Understanding SAC: Data Collection and Training

How severe does this issue affect your experience of using Ray?

  • None: Just asking a question out of curiosity




Hi,

I’ve been working with PPO in RLlib, but I’m pretty new to off-policy ones, particularly the SAC.
I’d like to learn about how the SAC algorithm collects data and processes training batches in the RLlib’s implementation.

Below, I’ve summarized what I know so far and outlined some questions I have on the topic.


In my understanding,

SAC

  • Let’s assume:

    • Single agent RL, single agent environment
    • RLlib’s implementation with the configuration settings
    • Configs:
      • batch_mode: “truncate_episodes”
      • min_sample_timesteps_per_iteration==1
      • min_time_s_per_iteration : sufficiently small to only sample rollout_fragment_length samples in one rollout.
  • Data collection

    • A rollout worker collects rollout_fragment_length samples in each of the num_envs_per_worker environments.
    • There are num_(rollout_)workers rollout workers in the data collection phase of an SAC iteration.
    • In total, the following number of samples collected every iteration:
      num_total_samples = num_workers * num_envs_per_worker * rollout_fragment_length.
    • Put all the samples into the replay buffer. (Let’s skip the maintenance of replay buffer when full as it may be out of scope of the discussion).
    • Let’s call this data collection phase as a data_op (i.e. data collection operation).
  • Train from batches

    • If num_steps_sampled_before_learning_starts or more samples are collected, then go on the following. Otherwise, skip the following of this phase.
    • Make a train batch: randomly sample train_batch_size (environment) steps data from the buffer.
    • Train the networks by using the batch.
    • Let’s name this ‘make_batch-and-train_nets’ as a train_op.
    • A train_op is repeated several times based on the training_intensity value.
    • Let’s define “natural_value” as train_batch_size/num_total_samples (used in the question section).



Questions

  1. Are the descriptions in Data collection accurate? If not, please help me get it right.

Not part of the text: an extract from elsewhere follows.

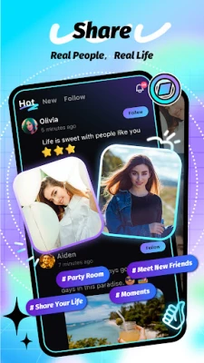 Share your musical vibes and unique stories in dynamic audio spaces. SoMatch lets you showcase talents, participate in themed challenges, and expand your social reach through real-time voice interactions.
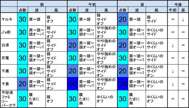 【千葉北 中央エリア】-・千葉北 中央エリアは肩〜頭〜頭オーバくらいの波、弱めのオンショアベースの風のスタート、それほど良くなくても多少できそうなコンディションで、午前から昼にかけてもコンディションはそのままキープしそうです。午後から夕方にかけてもコンディションはそのままキープしそうです。-

  2. Are the descriptions in Train from batches accurate? If not, I would appreciate any corrections or additional details.

  3. Does the training_intensity always match the ratio of the number of train_op to the number of data_op carried out in an SAC iteration?
    e.g.

    config ={   
      "env": "Pendulum-v1",  # episode_length: 200 (fixed)
      #
      "training_intensity": 1000, 
      "train_batch_size": 200,
      "rollout_fragment_length": 2,  # note: RLlib 2.1.0; 'auto' not working..
      "num_workers": 1,
      "num_envs_per_worker": 1, 
      #
      "min_sample_timesteps_per_iteration": 1,
      "min_time_s_per_iteration": 0.001,
      ...
    }
    

    This means:

    • In one SAC iteration, one data collection (data_op) carried out, ten train batches are created, and each of the ten train batches (train_op) is used in each update of the networks.
    • In one SAC iteration, two samples collected and stored in the buffer, and 2000 samples are used in the training phase.
    • Overall, when N samples come into the buffer, 1000*N samples are (ramdomly) used for the training. (this example sounds too intensive imo tho…)
  4. If the Q3 is correct, what happens when the ratio of training_intensity to “natural_ratio” becomes a non-integer?

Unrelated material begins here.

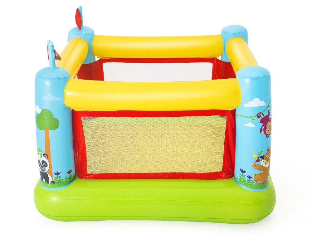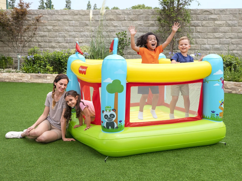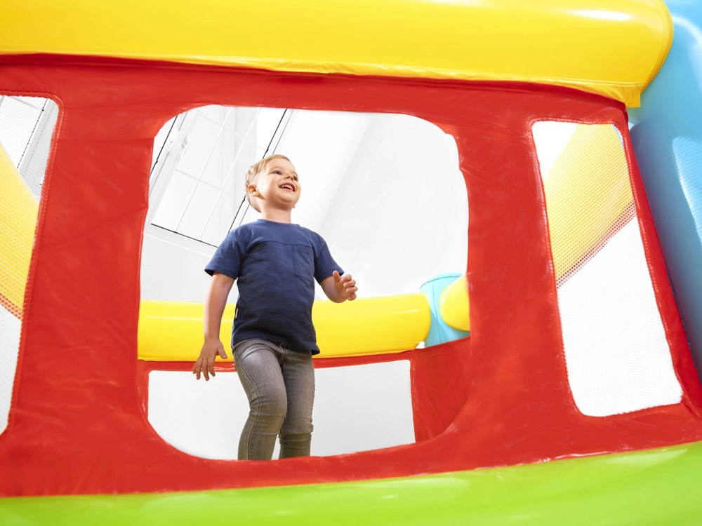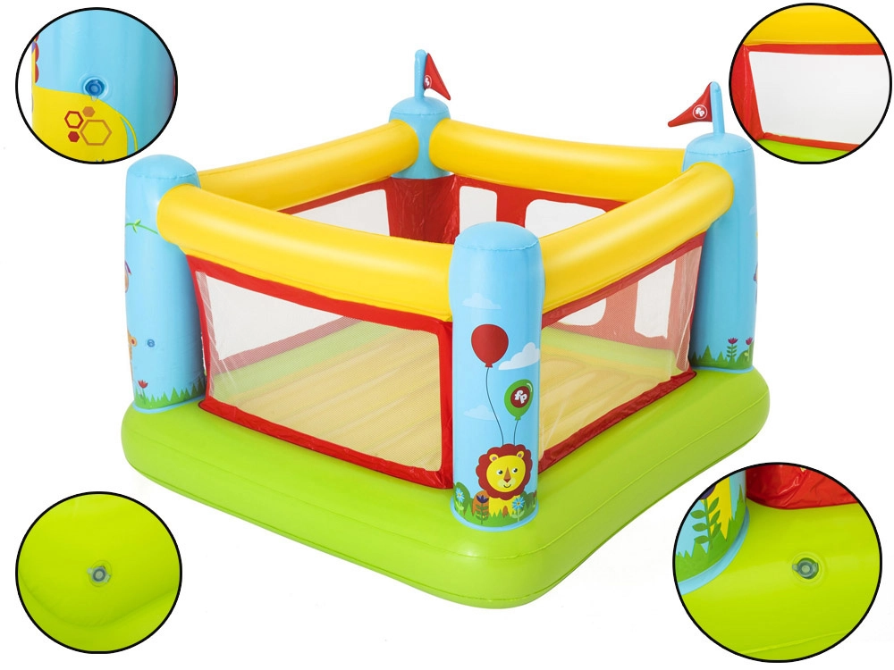 Napuhani dvorac Bestway FISHER‑PRICE stvara siguran i udoban prostor za skakanje, veselu igru i slobodnu zabavu. Prozirni mrežasti paneli osiguravaju dobru vidljivost i protok zraka, dok mekane zračne stjenke i pod ublažavaju doskoke. Zahvaljujući kompaktnim dimenzijama pristaje u većinu dječjih soba, kao i na terasu ili u vrt.

  5. min_sample_timesteps_per_iteration and min_time_s_per_iteration are set to 100 and 1, respectively, by default? But in some examples rollout_fragment_length=1 (with num_wokers=1, num_envs_per_worker=1), which could silently allow the rollout worker to collect 100 or more samples in an iteration. Why they are set to the values in the default SAC config?

  6. In the training results, I think “num_env_steps_trained_this_iter” shows doubled over what it was supposed to be, given the Q3 was accurate. Is this just because we train two network types (i.e. Q net(s) and policy net)?